((

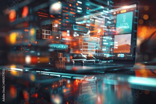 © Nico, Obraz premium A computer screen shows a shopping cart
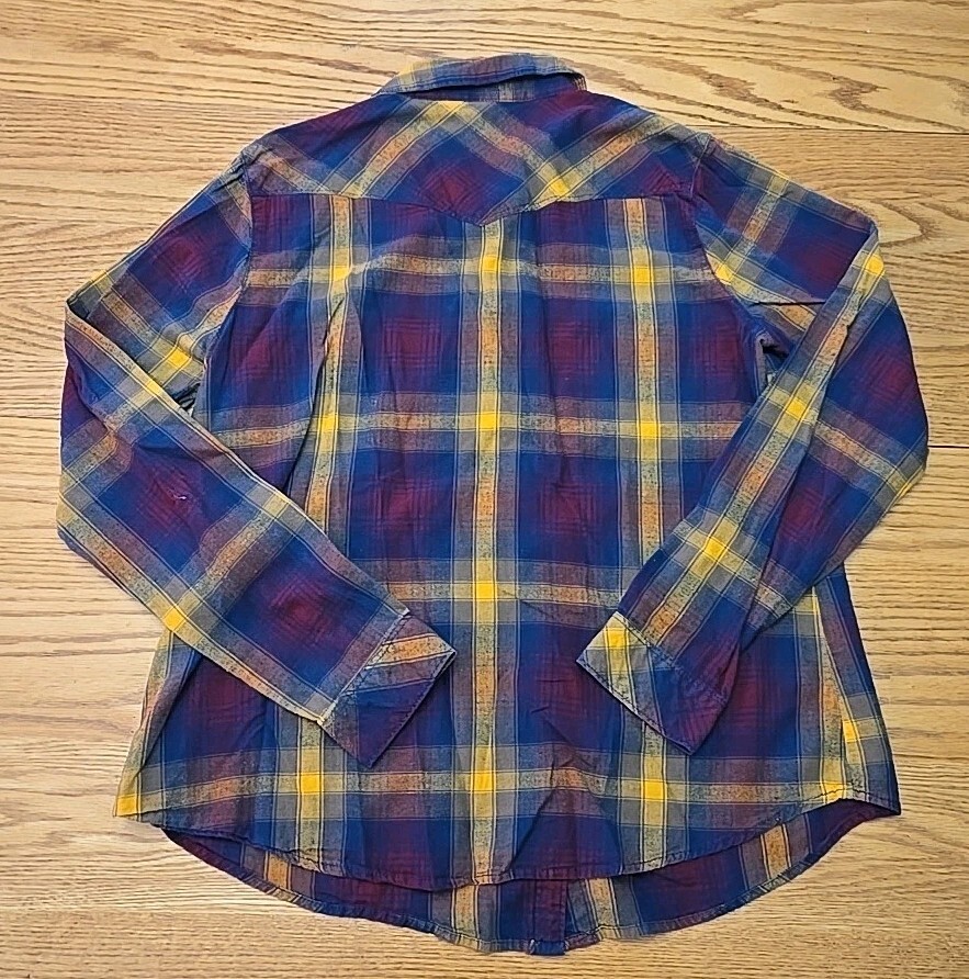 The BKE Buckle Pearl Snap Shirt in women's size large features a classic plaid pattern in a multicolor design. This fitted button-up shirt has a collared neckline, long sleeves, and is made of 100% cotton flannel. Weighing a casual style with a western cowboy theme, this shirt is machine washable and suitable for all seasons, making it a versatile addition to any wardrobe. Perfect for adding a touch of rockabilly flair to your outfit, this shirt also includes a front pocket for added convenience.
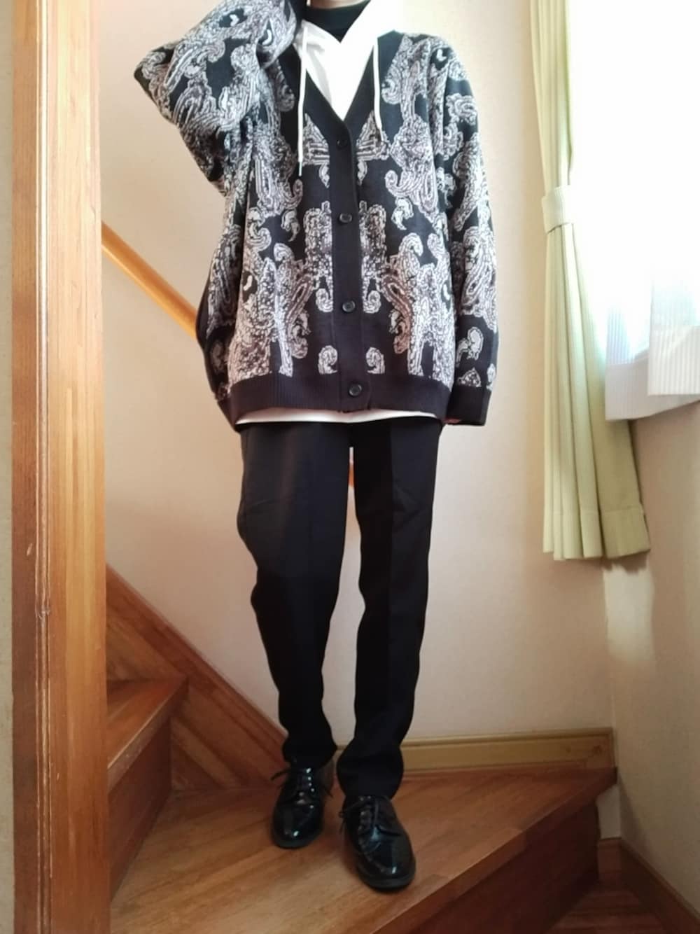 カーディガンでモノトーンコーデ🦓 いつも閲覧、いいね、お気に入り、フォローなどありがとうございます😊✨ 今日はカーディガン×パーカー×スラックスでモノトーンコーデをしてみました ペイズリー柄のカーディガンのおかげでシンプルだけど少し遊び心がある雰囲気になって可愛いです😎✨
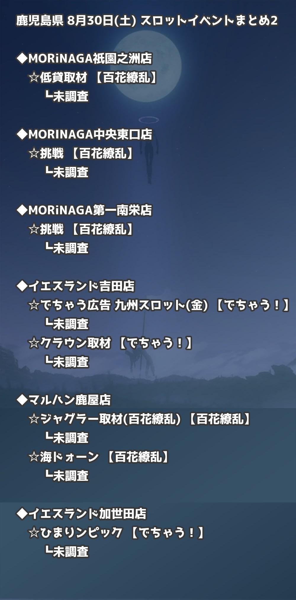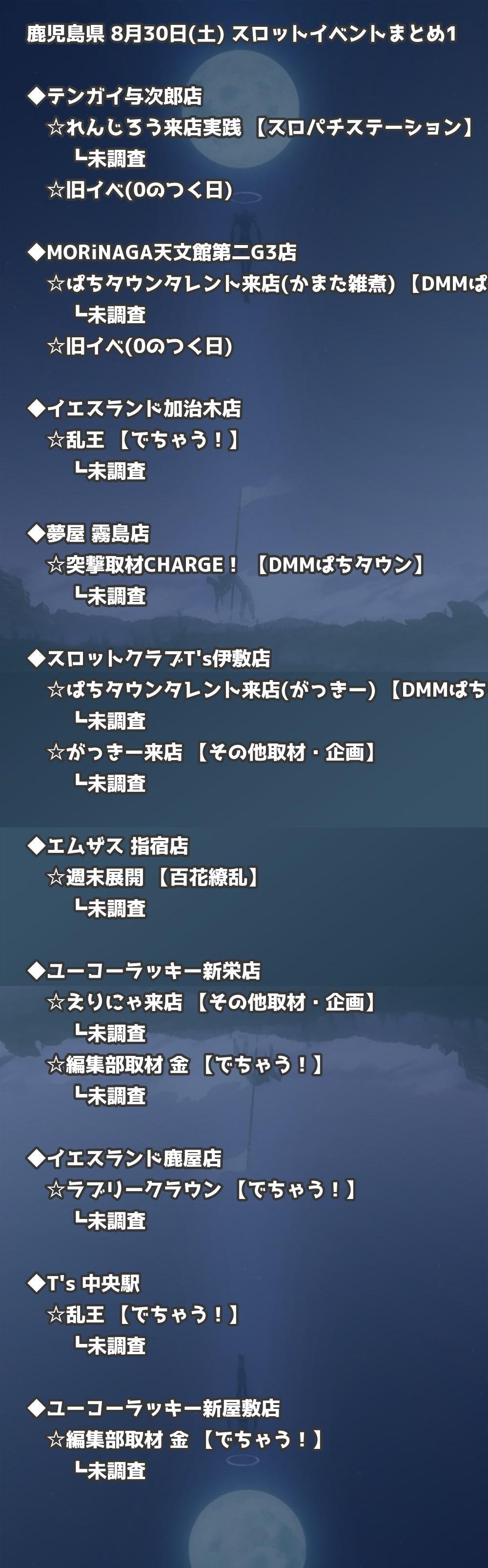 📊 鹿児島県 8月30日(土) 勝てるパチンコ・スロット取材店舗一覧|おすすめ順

))

PROMPT
Starting with the first line of the material above and ending with the line that holds "The BKE Buckle", write out those lines exactly, without pictures.

TASK OUTPUT
 © Nico, Obraz premium A computer screen shows a shopping cart
 The BKE Buckle Pearl Snap Shirt in women's size large features a classic plaid pattern in a multicolor design. This fitted button-up shirt has a collared neckline, long sleeves, and is made of 100% cotton flannel. Weighing a casual style with a western cowboy theme, this shirt is machine washable and suitable for all seasons, making it a versatile addition to any wardrobe. Perfect for adding a touch of rockabilly flair to your outfit, this shirt also includes a front pocket for added convenience.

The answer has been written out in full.